What?
What the .. what is Omphacomeria? I struggled with the name at first... but it goes something like" OM-FAK OH-MERIA". Like a meditative chant. It is a medium - largish shrub (1.2 - 2 m) in the sandalwood family and only has just been discovered in Western Australia growing on a remote, arid-zone range in the Gascoyne district. It is growing on a mountainous, steep, sandstone range which is popular with the tourists, and is found in steep, rocky gullies - it is growing even around the main tourist campsite.
And has been very much overlooked and required the careful eye of a taxonomist over in Canberra to confirm its identity to genus - but as yet is unidentified to species level. So, this day and this age, we're still finding new genera for the state in our remote central regions.
I don't know why it was not found beforehand - its a large shrub for starters! There have been a few floristic surveys in the region beforehand - including the CALM Carnarvon Basin survey [1], which covered the more mesic western faces of the range as part of a regional survey.

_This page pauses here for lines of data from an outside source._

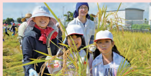
◀子どもたちと一緒に稲刈り ▼子どもたちと一緒に脱穀体験

むらおこしかみみいとの人たちや子どもたちと楽しく初体験! 稲刈りをし、脱穀をしました。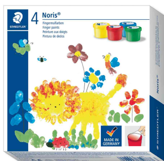
Fingerfarbe Noris MALI, 4er Kartonetui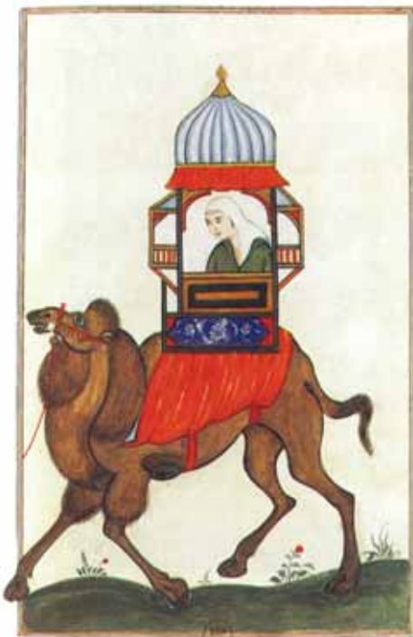
Hegy, Zimanyi, εικ. 62.

And there had been mistletoe-host plant surveys and other surveys or individual collectors who tinkered at the edges of floristic knowledge for the ranges. So, in 2009, this plant turns up all of a sudden! Since we were on holiday, we popped in to have a look. This was a big ask for our tiny little Subaru imprezza - because the roads are coarsely graded and really not appropriate for small cars with no clearance (but it has AWD - yeah). But we prevailed.
It looks very much like Exocarpos aphylla and superficially like Anthobolus leptomerioides - and you'd be forgiven to jump to that conclusion, except that both species are absent from the wider region around the ranges. The lack of historical or herbarium records of an 'Exocarpos" for the range was even more puzzling - this wasn't a case of misidentification - it was a case of had not been collected before. Full stop. The photo below shows this species as locally abundant (a sparse but dominant component of shrub stratum) on the eroding slopes of the range. There - in the foreground..
It is very much a root parasite, with no leaves (just them scales), striate, photosynthetic stems and minute spikes of tiny, sessile flowers. The main clincher is the Omphacomeria is dioecious, so flowers are unisexual and there are male and female flowers on separate plants (these are male flowers - we only found dried, old fruits on female plants and I forgot to take a photo of these).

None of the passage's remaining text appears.